In February, the American Bar Association approved revisions to its accreditation standards. Object: to make diversity more of a requirement than a suggestion in law school admissions.
The committee added, in a feat of bureaucratic redundancy, the word “Non-Discrimination” to the title, making it the standard of “Non-Discrimination and Equal Opportunity”. Several other changes were made, as the committee attempted to clarify the exquisite difference between non-discrimination and equal opportunity and non-discrimination and diversity.
There was also an attempt to determine who should benefit from these standards, and what exactly law schools should do to maintain them.
This last effort was redoubled earlier this month, when the Commission on Civil Rights initiated a five-hour long debate over the diversity debacle.
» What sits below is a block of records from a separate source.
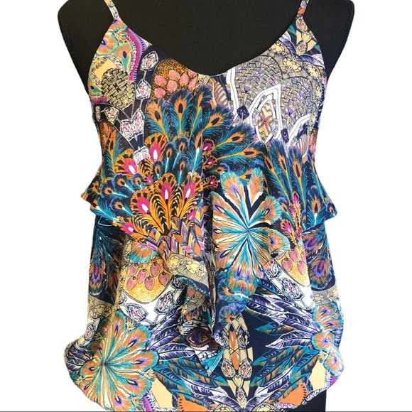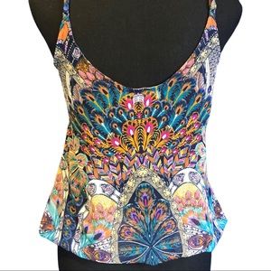 Vibrant tank top with intricate patterns. Features a mix of colors and a stylish design. Perfect for casual wear.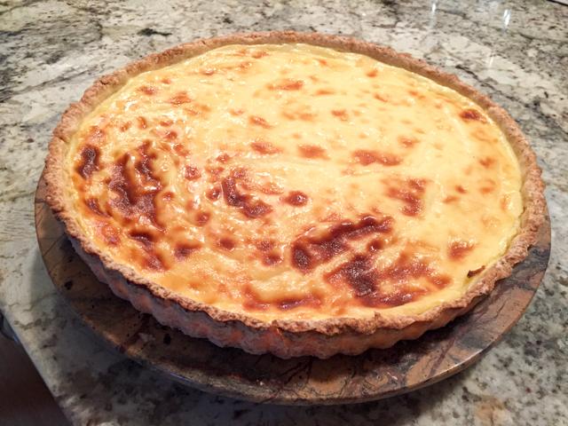 Comments: I really liked the way this tart is prepared, freezing the crust and adding the custard to it still frozen. It baked very nicely, absolutely no soggy bottom, perfect texture. I did not have to protect the edge with foil, but watched it closely as a hawk in the final minutes, those brown spot start to show up pretty quickly.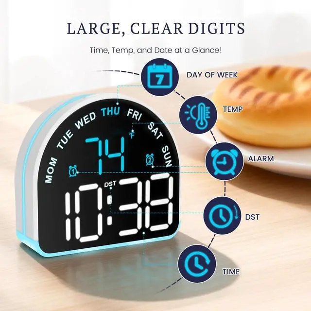 Daylight Saving Time & Practical Features Simple daylight saving time setting. Ideal for bedside, office, or kitchen use with clear LED digits and user-friendly controls.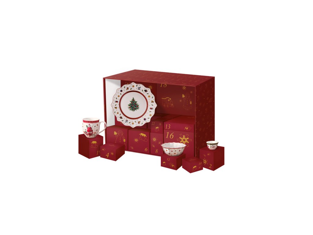 Kolekcia Christmas Toys Memory kombinuje chvíle nostalgie v rozprávkovej krajine zázrakov. Spomienka na časy, keď sme pod stromčekom nachádzali ručne robené hračky. Veď aké by to boli Vianoce bez čarovných dekorácií? Od hracích skriniek až po svietniky. Rýchlo a jednoducho vytvoríte vo svojom dome magickú sviatočnú atmosféru. Každý deň Vás čaká nové prekvapenie z kolekcie Toy's Delight. Advetný kalendár obsahuje 24 produktov Toy's Delight Villeroy & Boch, vrátane 10 exkluzívnych zberateľských kúskov, ktoré nájdete len v tejto súprave.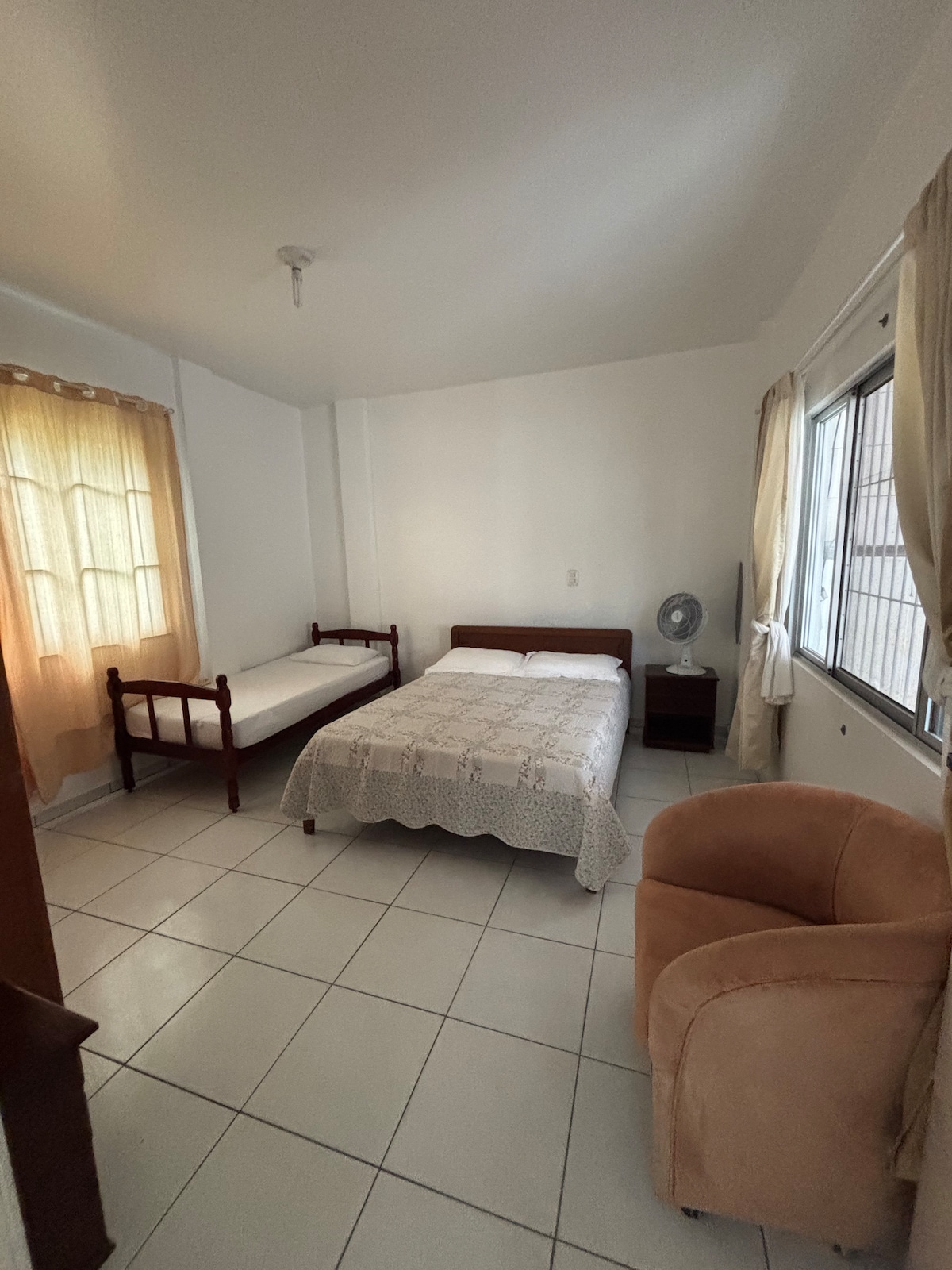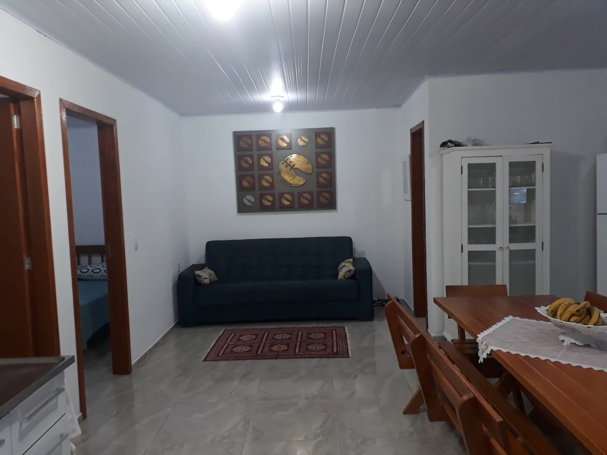 Estamos a menos de 10 minutos a pie de la playa central, mercados, farmacias, panaderías y Praça da Paz. La casa tiene un dormitorio con una cama doble, una cama individual, TV y aire acondicionado. En el living, una cómoda cama doble para dos personas más. Por ahora, solo hay aire acondicionado en el dormitorio y un ventilador en el living. La cocina está totalmente equipada, la lavandería tiene una lavadora y hay una parrilla. Lamentablemente, no ofrecemos estacionamiento, pero frente a la casa hay espacios disponibles.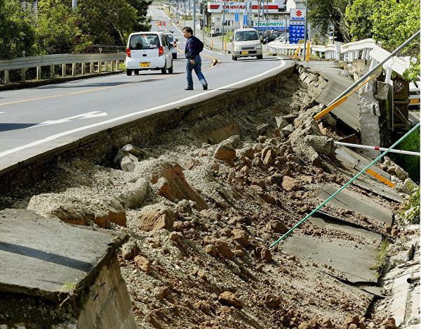 В четверг в префектуре Кумамото на западном побережье юго-западного японского острова Кюсю произошло первое крупное землетрясение магнитудой 6.5. В 1.25 в субботу (19.25 мск в пятницу) там же произошло землетрясение, по силе в 16 раз превышающее предыдущее, его магнитуда составила 7.3.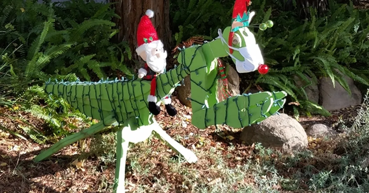 A masked mantis with Santa astride graces their front yard in Davis. The mantis? It's probably a Stagmomantis californica, native to the Western United States—and the Kimsey domicile.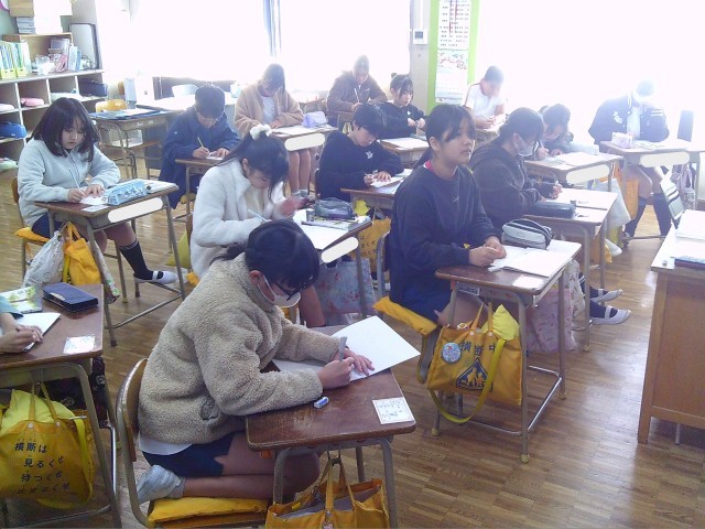 5年生は書き初めを練習しています。話し声が一切聞こえない中、緊張感を高めて筆をとっています。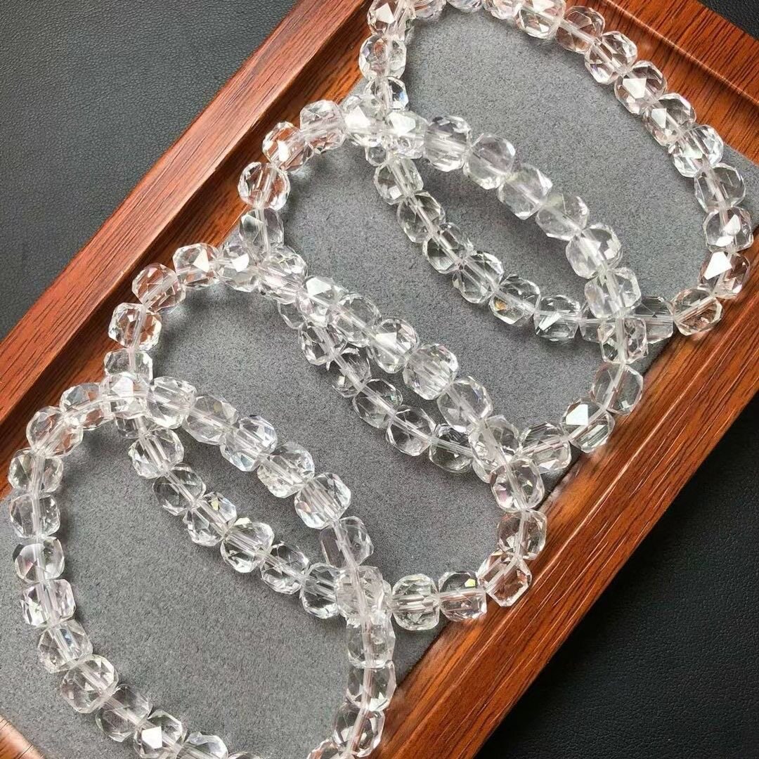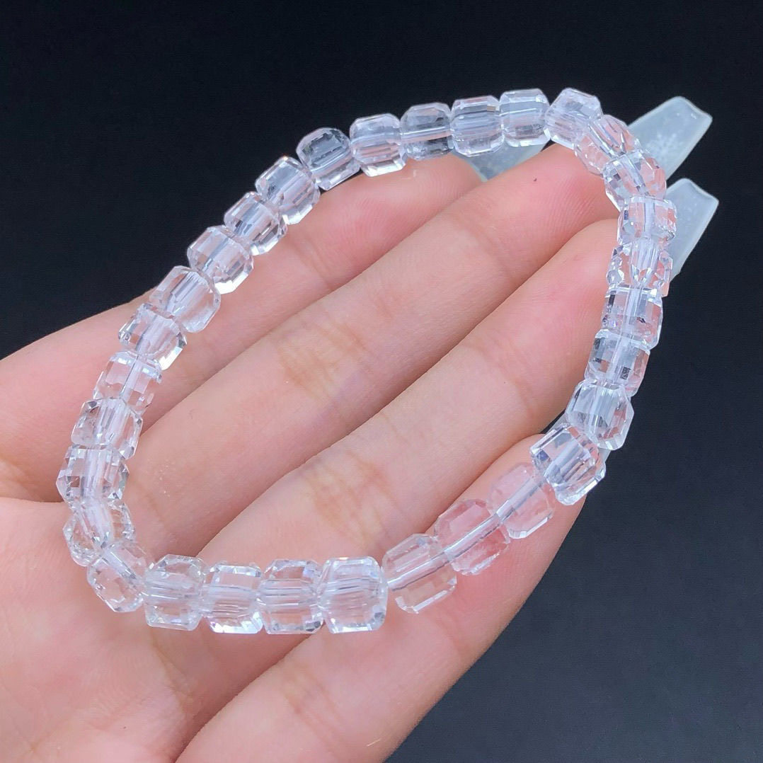 VZZS天然白水晶手链方糖形手串手链女切面方块送女友饰品礼情人节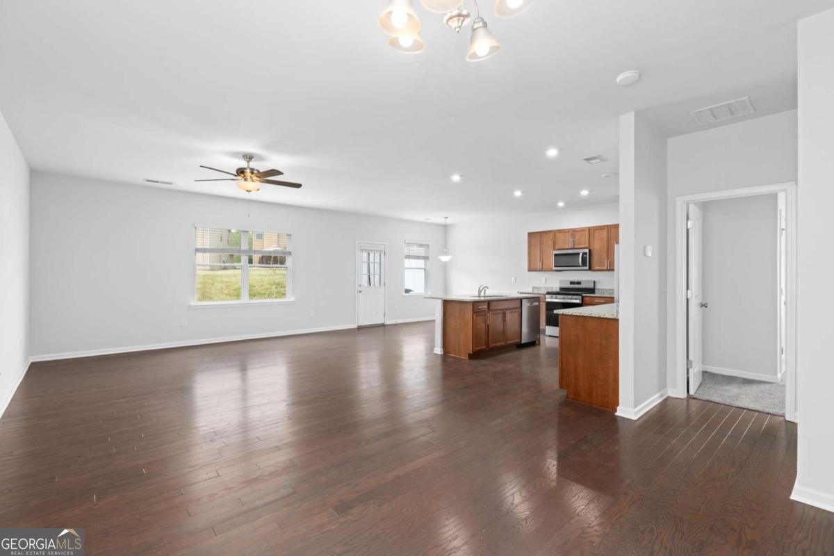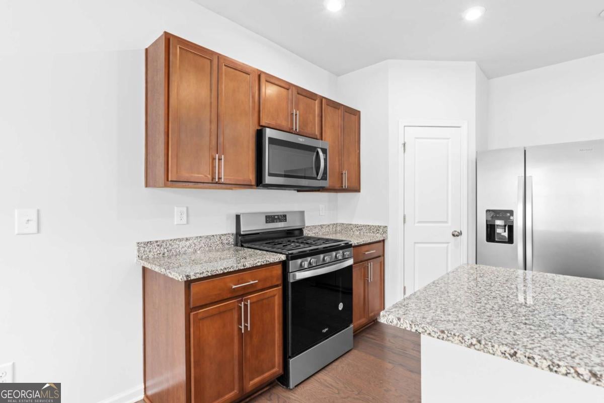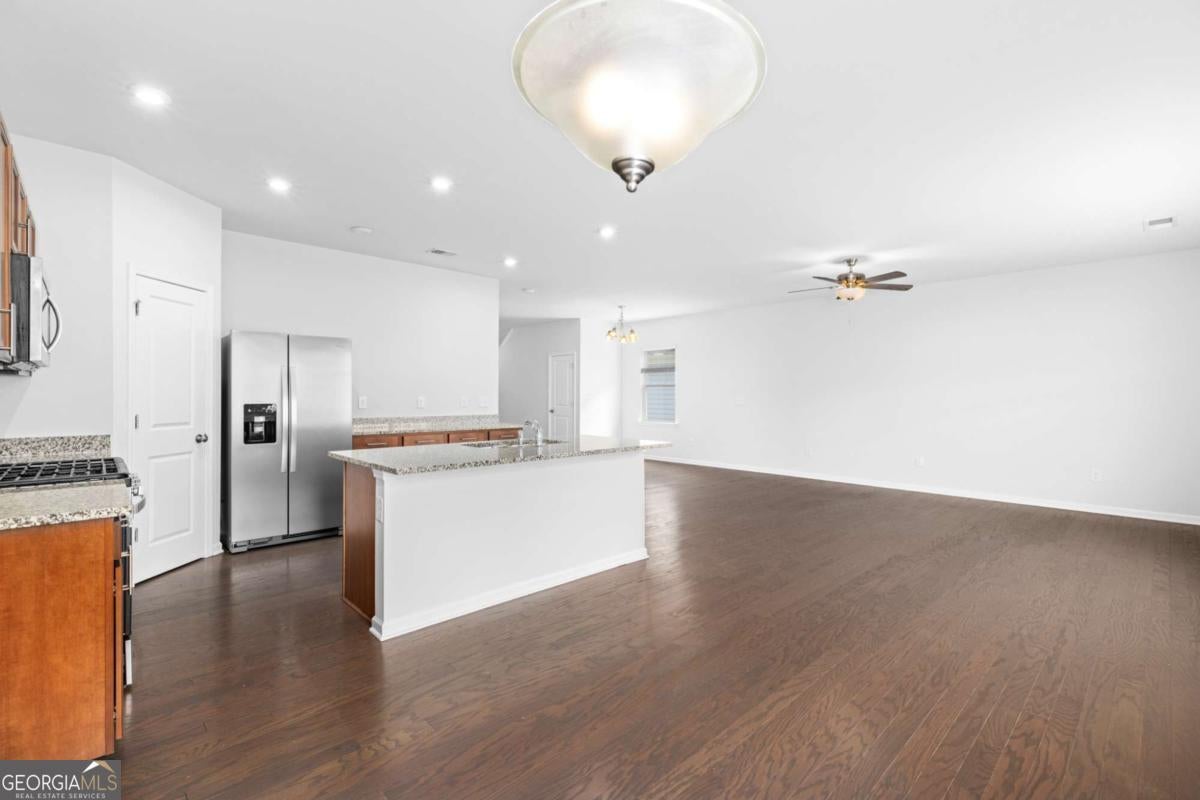Welcome to this beautifully maintained, featuring 4 spacious bedrooms and 3 full bathrooms. The thoughtfully designed layout offers an open-concept main level and abundant natural light throughout. The modern kitchen is perfect for everyday living and entertaining, complete with granite countertops, a large island, stainless steel appliances, and ample cabinet space. The thoughtfully designed layout includes a bedroom and full bathroom on the main level, perfect for guests, a home office, or added convenience. Upstairs, you'll find three bedrooms, including a spacious primary suite with double vanities, a relaxing garden tub, and a separate walk-in shower. Additional highlights include a versatile loft area, ideal for a second living space or home office, and a convenient upstairs laundry room. Enjoy outdoor living with a nice, level backyard and the convenience of a 2-car garage. Located in a desirable community with amenities including a neighborhood pool and park, and just minutes from shopping, dining, grocery stores, and easy access to I-75. This move-in ready home offers comfort, style, and convenience-don't miss this opportunity!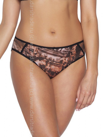Трусы слип выполнены из сетки с хищным принтом, на спинке проймы ног украшены черной сеткой, сложенной вдвое, резинки контрастного черного цвета. Ластовица из 100% хлопка.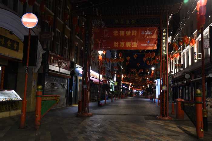 (右)3/25 ロンドン中心部の中華街、チャイナタウン。奥に見えるのは有名なミュージカルの劇場街、その周りも外出自粛でゴーストタウン化しています。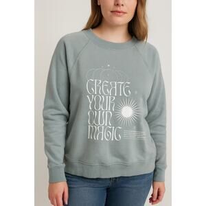 Bring good vibes wherever you go in this cozy, sky-blue Spiritual Gangster sweatshirt featuring a positive affirmation and celestial design. The uplifting “Create Your Own Magic” print with sunburst and moon phase graphics. Perfectly soft with a broken-in feel, this classic crewneck sweatshirt is made from 100% cotton and fits true to size.

There are fears that the bar association requires schools to break the law in order to maintain diversity, since the standards require that
a law school shall demonstrate, by concrete action, a commitment to providing full opportunities for the study of law and entry into the profession by members of underrepresented groups, particularly racial and ethnic minorities, and a commitment to having a study body that is diverse with respect to gender, race, and ethnicity.
Also up for debate was the issue of whether affirmative action actually helps or hinders those who gain admission through its policies.
From what I read, the discussions turned into chaotic statistical bickering One wonders how much longer there will be any standards left worth revising.
After all, as I quoted diversity advocate Randall saying: “failing is not about intellect in law school.”